Another example of favouring a local optimisation over the longer term goal of sustained delivery occurred when I was assigned my first piece of work. This was not so much a story as a couple of epics funded as an entire project (over 4 months solid work in the end). My instinct, after being shown roughly where in the code I needed to dig, was to ask where the existing tests were so that I knew where to add mine. The tech lead’s immediate response was “you won’t have time to write tests”.

My usual response to this statement is a jovially phrased “how will I know if it works then?” which often has the effect of opening a line of dialogue around the testing strategy and where it’s heading. Unfortunately this time around it only succeeded in the tech lead launching into a diatribe about how important delivery was, how much the business trusted us to deliver on time, blah, blah, blah, in fact almost everything that a good test suite enables!

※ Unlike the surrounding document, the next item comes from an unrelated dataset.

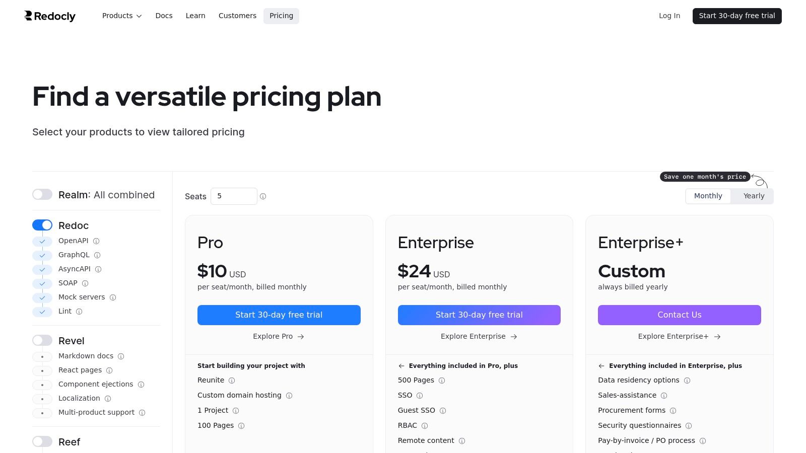), allowing for gradual investment.Redocly offers several tiers. The Community edition (Redoc) is open-source and free. The Starter plan is priced at $79/month, offering core developer portal features for smaller teams. The Business plan adds SSO, RBAC, and advanced governance features, while the Enterprise tier provides a custom solution with dedicated support. They also offer a startup discount program, making it accessible for new ventures.

Of course I still went ahead and implemented the entire project TDD-style and easily delivered it on time because I knew the approach was sound and the investment was more than worth it. The subsequent enhancements and repaying of some technical debt also became trivial at that point and meant that anyone, not just me, could safely and quickly make changes to that area of code. It also showed how easy it was to add new tests to cover changes to the older parts of the component when required later.

In the end over 10% of unit tests of the entire system had been written by me during that project for a codebase of probably over 1/2 million lines of code. I also added a command line test harness and a regression testing “framework” [2] in that time too all in an effort to reduce the amount of hoops you needed to go through to diagnose and safely fix any edge cases that showed up later. None of this was rocket science or in the least bit onerous.

Knowledge

I would consider a lack of supporting documentation one further local optimisation too. When only a select few have the knowledge to help support a system you have to continually rely on their help to nurse it through the bad times. This is especially true when the system has enough quirks that the cost of taking the wrong action is quite high (in terms of additional noise). If you need to remember a complex set of conditions and actions you’re going to get it wrong eventually without some form of checklist to work from. Relying on tribal knowledge is a great form of optimisation until core members of the team leave and you unearth the gaping holes in the team’s knowledge.

Better yet, design away the problems entirely, but that’s a different can of worms…

Project Before Product

I believe this was another example of how “projects” are detrimental to the development of a complex system. With the team funded by various projects and those projects being used as a very clear division on the task board through swim lanes [3] it killed the desire to swarm on anything but a production incident because you felt beholden to your specific stakeholders.

For example there were a number of conversations about fixing issues with the system that were slowing down delivery through unreliability that ended with “but who’s going to pay for that?” Although improvements were made they had to be so small as to not really affect the delivery of the project work. Hence the only real choice was to find easier ways to treat the symptoms rather than cure the disease.

Victims of Circumstance

Whenever I bump into this kind of culture my gut instinct is not to assume they are “incompetent” people, on the contrary, they’re clearly intelligent so I’ll assume they are shaped by their environment. Of course we all have our differences, that’s what makes diversity so useful, but we have to remember to stop once in a while and reflect on what we’re doing and question whether it’s still the right approach to take. What works for building Fizz Buzz does not work for a real-time, distributed calculation engine. And even if that approach did work once upon a time the world keeps moving on and so now we might be able to do even better.

 

[1] Pairing was only something you did when you’d already been stuck for some time, and when the mistake was found you went your separate ways again.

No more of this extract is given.